■ **WHAT YOU HAVE TO DO**: Exact copy, pictures excluded: write out every line below.

■ **SOURCE MATERIAL**:
....................

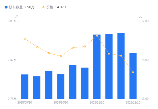 近一年(2024年12月10日至2025年12月10日),冠昊生物A股股东户数从2.96万户,减低至2.9万户,降幅2.20%,区间股价上涨7.40%。
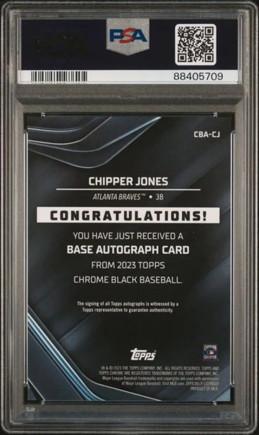2023 Topps Chrome Black #CBA-CJ Chipper Jones PSA 10 GEM MINT Auto Atlanta Braves Baseball Card
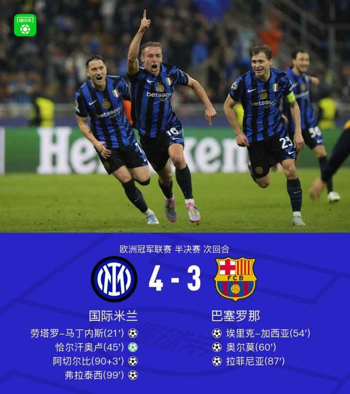 【国米两回合7-6巴萨艰难晋级欧冠决赛,弗拉泰西加时赛制胜】
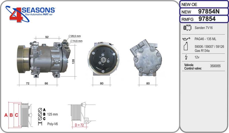 ограничение производителя : SANDEN-EQUIVALENT

....................

■ **RESPONSE TO THIS TASK**:
 近一年(2024年12月10日至2025年12月10日),冠昊生物A股股东户数从2.96万户,减低至2.9万户,降幅2.20%,区间股价上涨7.40%。
2023 Topps Chrome Black #CBA-CJ Chipper Jones PSA 10 GEM MINT Auto Atlanta Braves Baseball Card
 【国米两回合7-6巴萨艰难晋级欧冠决赛,弗拉泰西加时赛制胜】
 ограничение производителя : SANDEN-EQUIVALENT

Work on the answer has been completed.